* [Problem details]:
Leaving out all pictures, repeat exactly the lines from the one that holds "後ろの白い部分もキレイに色を" to the last line of the entries below.

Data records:
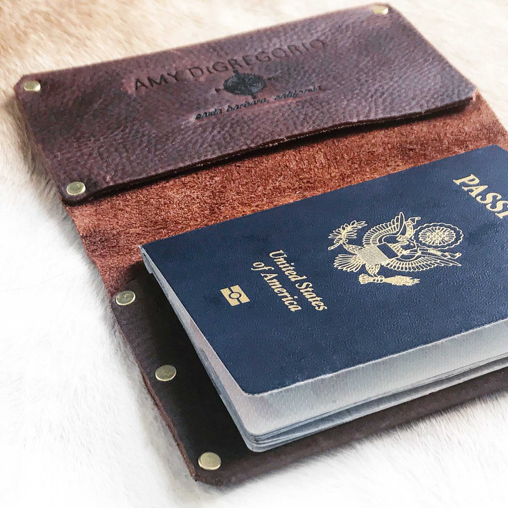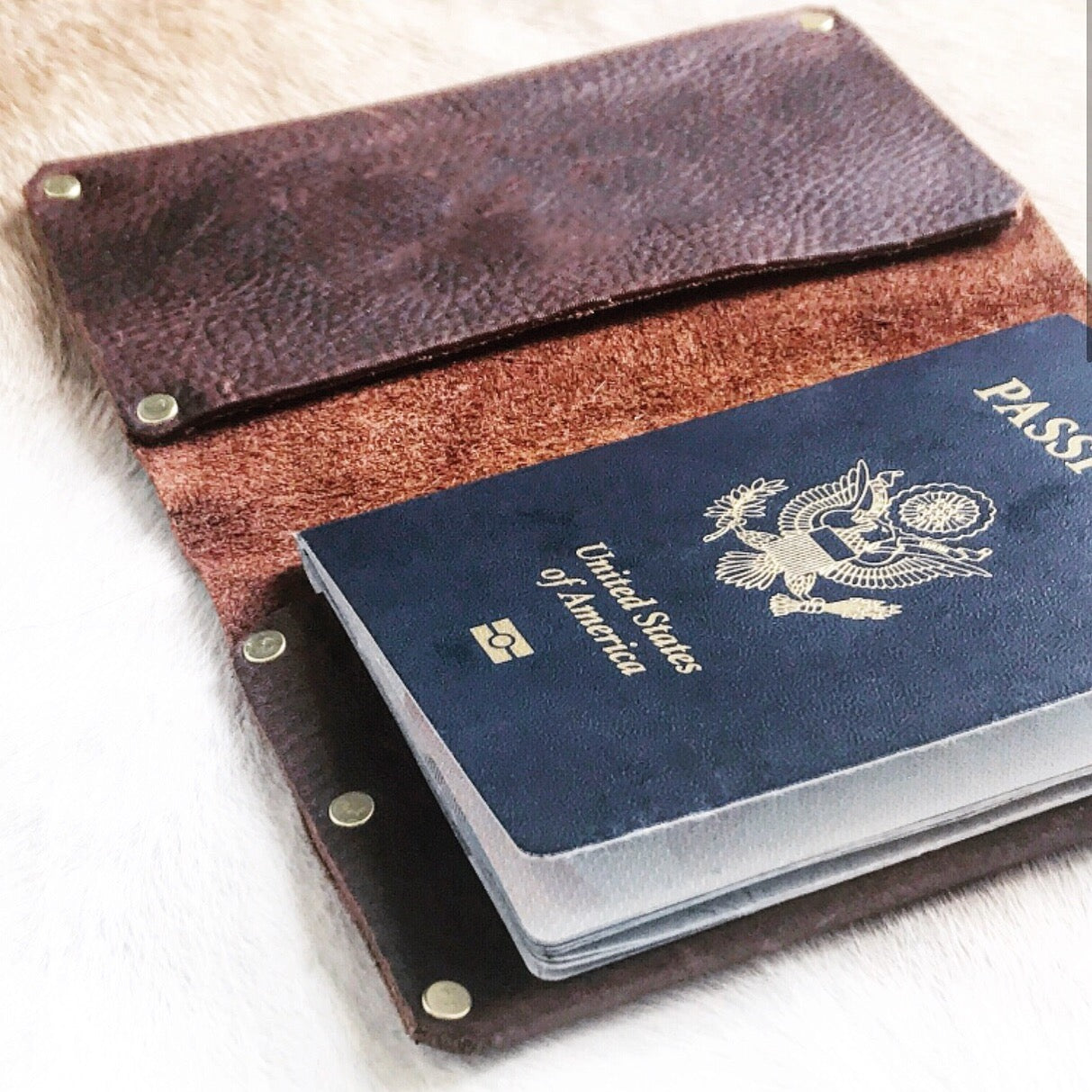 We believe your traveling journeys should be as convenient as possible! The left side holds your boarding passes — the stub that is torn off just folds down to fit, or folds back up for authorities to easily access. The passport is slipped in so that when opened, your photo is readily accessible. There’s also a slot in the leather on the right side that holds a few cards — perfect for your credit card to easily grab for check-in + airport purchases + not having to fuss with anything else in your entire bag during rushed transactions.
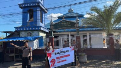 Sumbawa Besar–NTB, Dalam rangka menyambut Hari Bhayangkara ke-79 tahun 2025, personel Satuan Samapta (Sat Samapta) Polres Sumbawa menggelar kegiatan bakti religi pada Selasa, 17 Juni 2025. Acara yang dimulai pukul 09.00 WITA hingga selesai ini berpusat di Masjid Al-Muhaimin, Jalan Kebayan, Kelurahan Brang Biji, Kecamatan Sumbawa.
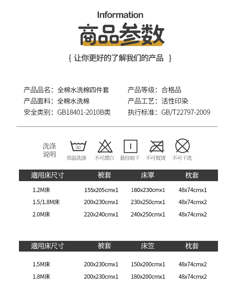 【床笠款】1.5四件套-被套200x230 | ¥135.00 |
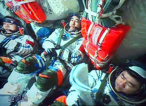 图:神舟七号返回在即航天员穿好舱内服
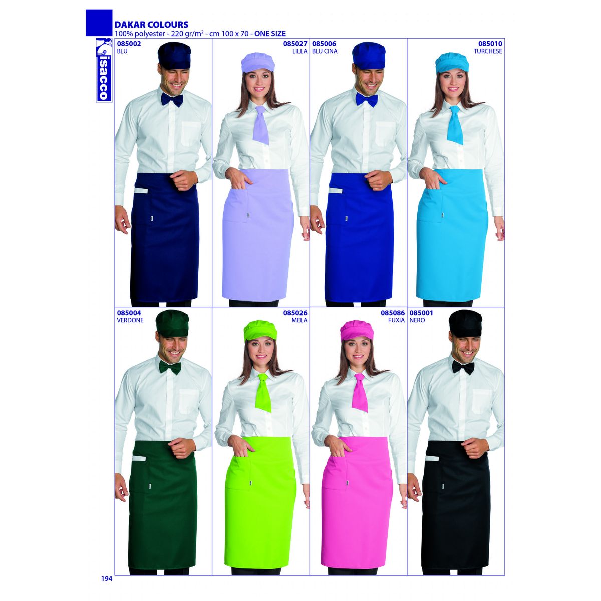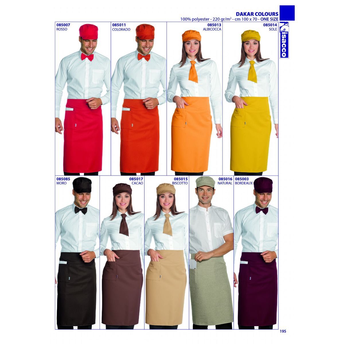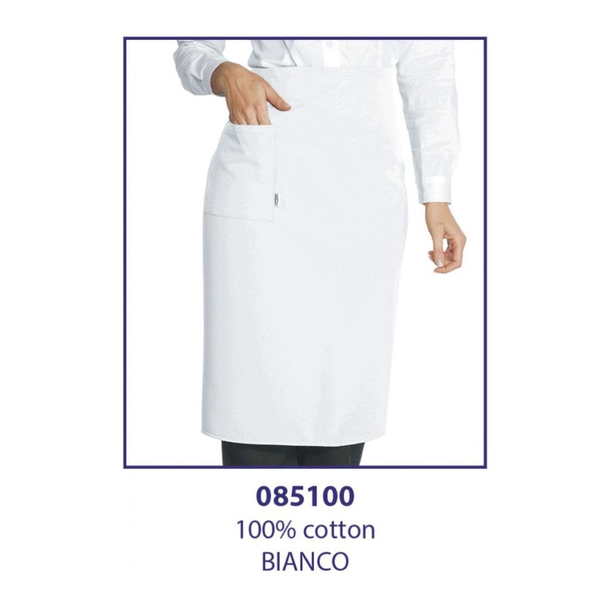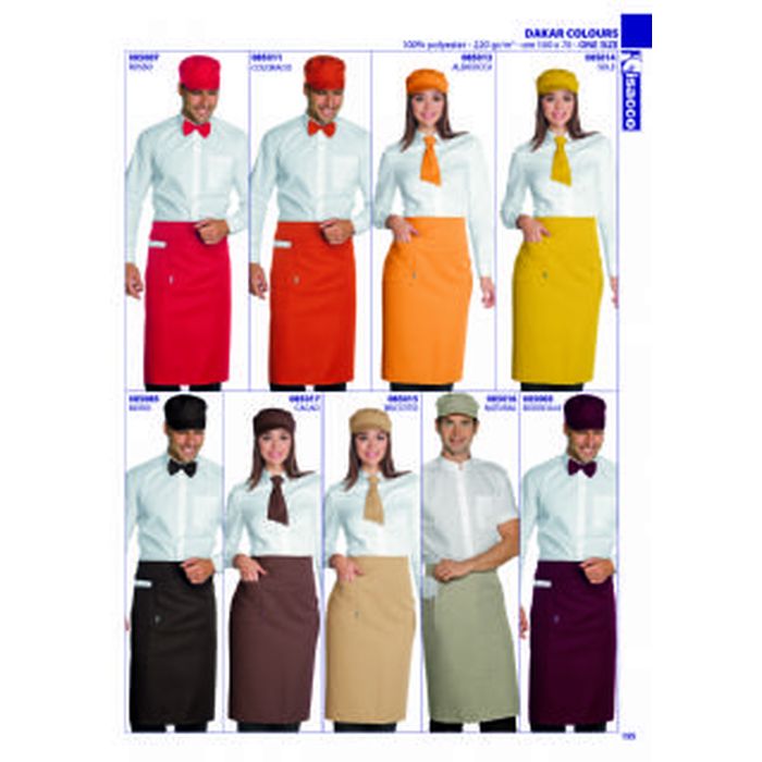 - Grembiule vita lungo, misure 92x88 cm, due ampie tasche, senza spacco. - tessuto 100% poliestere antimacchia peso da 170 a 220 gr/mq, - Taglia unica -
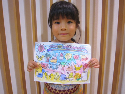 後ろの白い部分もキレイに色を塗ってくれて、とてもカラフルなカレンダーに仕上げてくれましたー[:チョキ:]
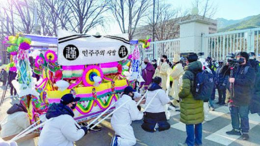 지난 28일 정부과천청사 앞 추미애 법무부 장관 규탄 집회에 ‘근조 민주주의 사망’이라고 적힌 현수막을 두른 꽃상여 차량이 등장했다. [사진 자유연대]
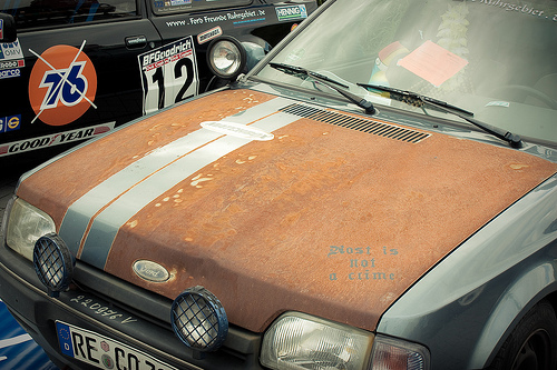 Kdo najdete nějakou fotku Forda v tomto provedení, šoupněte to sem :wink: . Co jsem koukal, tak ani ve světě si Forďáci na Rat look/Rust style moc nepotrpí, takže všechny fotky takto "postižených" modrých oválů jsou tu vítány :cooler:
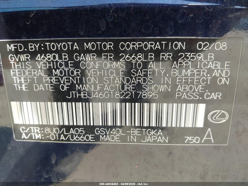 • JTHBJ46G182217895

* [Solution to this task]:
 後ろの白い部分もキレイに色を塗ってくれて、とてもカラフルなカレンダーに仕上げてくれましたー[:チョキ:]
 지난 28일 정부과천청사 앞 추미애 법무부 장관 규탄 집회에 ‘근조 민주주의 사망’이라고 적힌 현수막을 두른 꽃상여 차량이 등장했다. [사진 자유연대]
 Kdo najdete nějakou fotku Forda v tomto provedení, šoupněte to sem :wink: . Co jsem koukal, tak ani ve světě si Forďáci na Rat look/Rust style moc nepotrpí, takže všechny fotky takto "postižených" modrých oválů jsou tu vítány :cooler:
 • JTHBJ46G182217895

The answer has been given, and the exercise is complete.